New reports offer horrifying details from the Robb Elementary shooting, as experienced by a student in the classroom and the father of a survivor.
Dan Carson, Chron Senior Editor
May 26, 2022
Updated: May 26, 2022 9:12 a.m.
UVALDE,TEXAS, USA - MAY 25: Flowers are placed on a make shift memorial outside Robb Elementary School in Uvalde, Texas, on May 25, 2022. Texas state troopers outside Robb Elementary School 19 students and one teacher were killed during a massacre in a Texas elementary school, the deadliest US school shooting.
Horrifying details have emerged regarding the moments inside a Robb Elementary classroom on Tuesday when it was targeted by suspected mass shooter Salvador Ramos, an 18-year-old gunman who was killed after allegedly going on a
shooting spree that took the lives of
19 students and two teachers in Uvalde, Texas.
An unidentified fourth-grader who survived Tuesday's massacre told KENS 5 San Antonio that the shooter fired a shot before entering the classroom through an adjoining door, and then told the students they were going to die.
"He shot the next person's door. We have a door in the middle. He opened it. He came in and he crouched a little bit and he said, he said, 'It's time to die,'" the boy told KENS 5.
The child and four of his classmates were likely saved by their decision to hide under a table with an overhanging table cloth, obscuring them from the shooter's sight, according to the report. The boy said the shooter retaliated against one of his classmates after police offers outside the room urged them to yell if they needed help. One of his classmates responded, inspiring the gunman the shoot her.

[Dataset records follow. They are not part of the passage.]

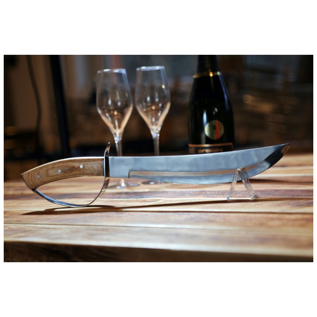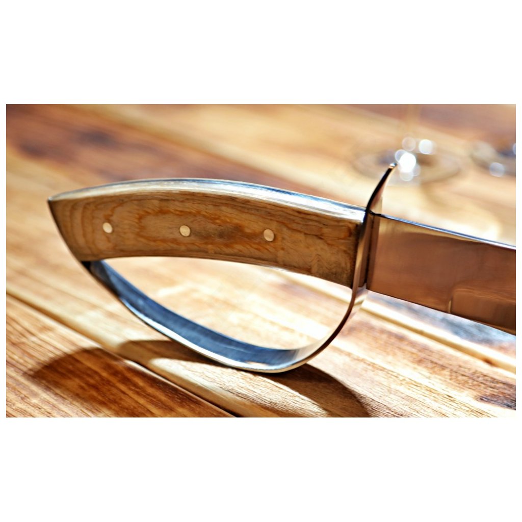 Tento způsob otevírání lahví, známý jako sabráž (sabrage), proslavil Napoleon Bonaparte. Pro správný výsledek musí být sekt vychlazený na 3–5 °C. Po odstranění košíčku se šavlí sekne podél švu lahve směrem k nákružku na hrdle. Síla úderu tupé čepele hrdlo čistě odlomí i se špuntem. Ideální doplněk pro svatby, oslavy a slavnostní příležitosti.
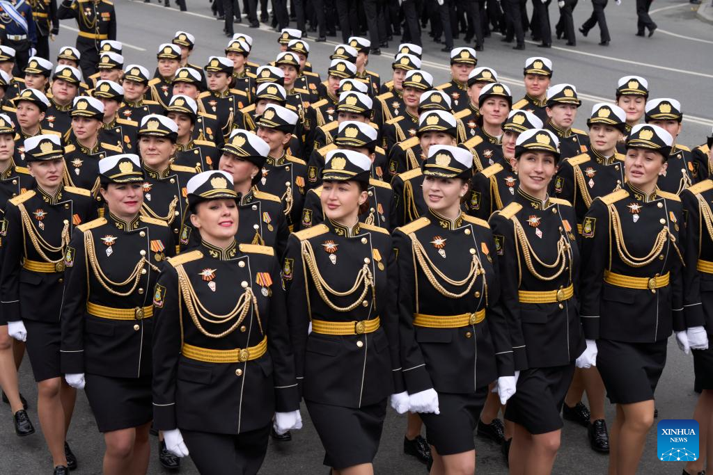 Servicewomen marching in formation are pictured during a military parade to commemorate the 80th anniversary of the Victory in the Great Patriotic War in Vladivostok, Russia, May 9, 2025. (Photo by Guo Feizhou/Xinhua)
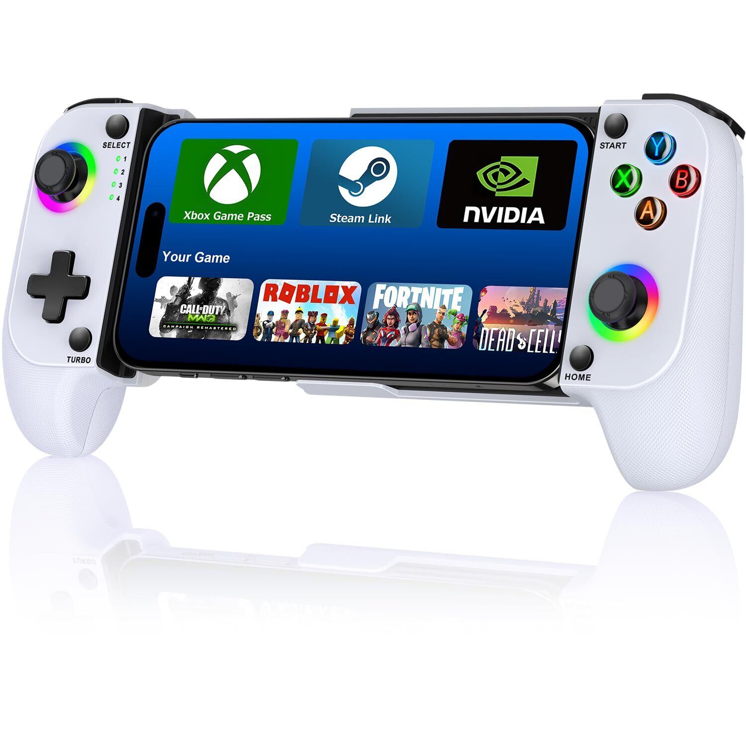 【在庫処分】スマホ コントローラー ワイヤレス接続 IOS/Android両用 モバイルゲームコントローラー 伸縮型 PS Remote Play/Xbox Cloud/Steam Link/GeForce Nowゲームなど対応 低遅延 600mAhバッテリー RGBライト白

"When the cops came, the cop said: 'Yell if you need help!' And one of the persons in my class said 'Help!' The [shooter] overheard and he came in and shot her," the child told KENS 5.
The Washington Post
published a timeline reconstruction of Tuesday's deadly events, which included an interview with Miguel Cerrillo, a Uvalde father whose
11-year-old daughter Miah survived the attack at Robb Elementary by playing dead. Cerrillo said he spoke with his daughter through the window of a bus after an officer carried her out of the school with bullet fragments in her side. The father said he rushed toward the bus as it boarded victims bound for the hospital but was prevented by officers from retrieving his daughter, who told him through a window what she'd witnessed before she was taken away for treatment.
"I panicked,"
Cerrillo told the Washington Post, saying his daughter detailed how she had watched as her teacher, Eva Mireles, was shot by the gunman while attempting to phone the police. His daughter Miah told Cerrillo she quickly grabbed the phone and called 911, and then hid from the shooter by lying down on top of one of her classmates, who had been shot and was bleeding on the ground. Her classmate was breathing but expired before help arrived, according to Cerrillo's account.
"We figured Uvalde was safe," Cerrillo told the Washington Post. "Now we know it's not safe."